::: DATASET CONTENT
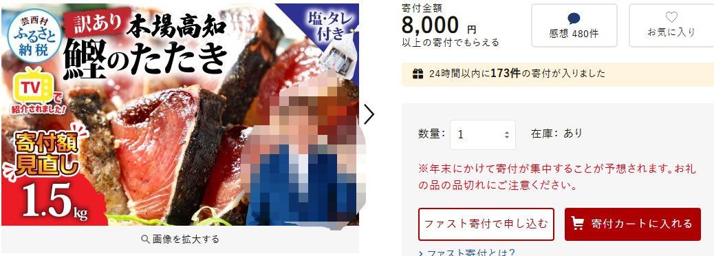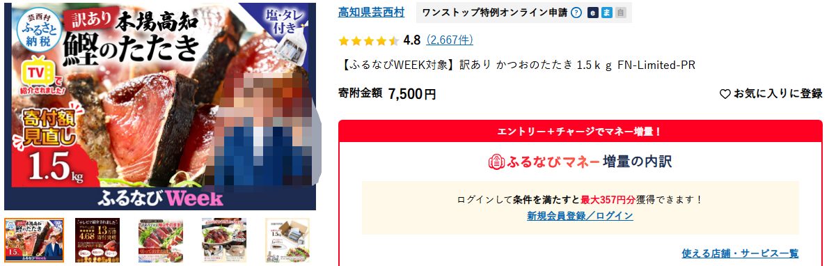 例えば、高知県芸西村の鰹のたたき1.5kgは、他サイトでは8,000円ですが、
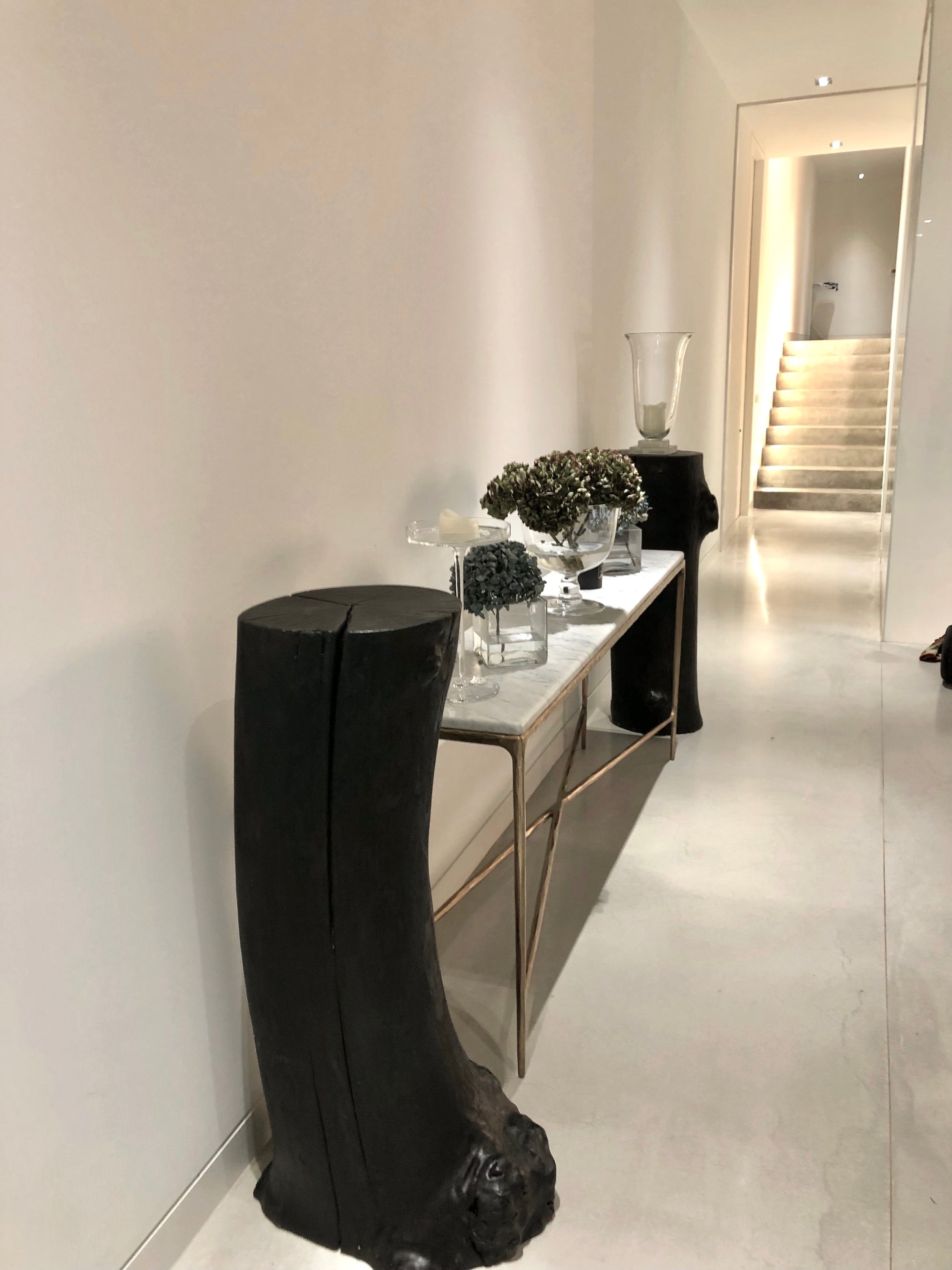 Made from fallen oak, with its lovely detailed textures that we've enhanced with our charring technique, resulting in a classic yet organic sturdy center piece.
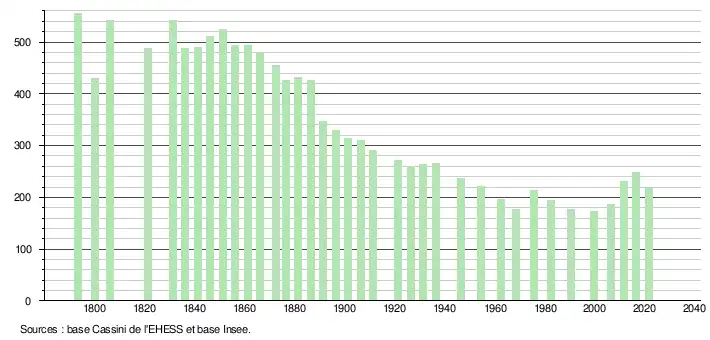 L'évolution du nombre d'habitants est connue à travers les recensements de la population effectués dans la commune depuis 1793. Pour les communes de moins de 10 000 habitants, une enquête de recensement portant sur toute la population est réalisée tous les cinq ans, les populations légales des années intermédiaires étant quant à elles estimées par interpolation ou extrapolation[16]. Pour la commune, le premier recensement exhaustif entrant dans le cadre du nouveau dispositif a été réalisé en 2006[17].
::::::
Everything in the material goes into the copy exactly, except the images.

### TASK OUTPUT
 例えば、高知県芸西村の鰹のたたき1.5kgは、他サイトでは8,000円ですが、
 Made from fallen oak, with its lovely detailed textures that we've enhanced with our charring technique, resulting in a classic yet organic sturdy center piece.
 L'évolution du nombre d'habitants est connue à travers les recensements de la population effectués dans la commune depuis 1793. Pour les communes de moins de 10 000 habitants, une enquête de recensement portant sur toute la population est réalisée tous les cinq ans, les populations légales des années intermédiaires étant quant à elles estimées par interpolation ou extrapolation[16]. Pour la commune, le premier recensement exhaustif entrant dans le cadre du nouveau dispositif a été réalisé en 2006[17].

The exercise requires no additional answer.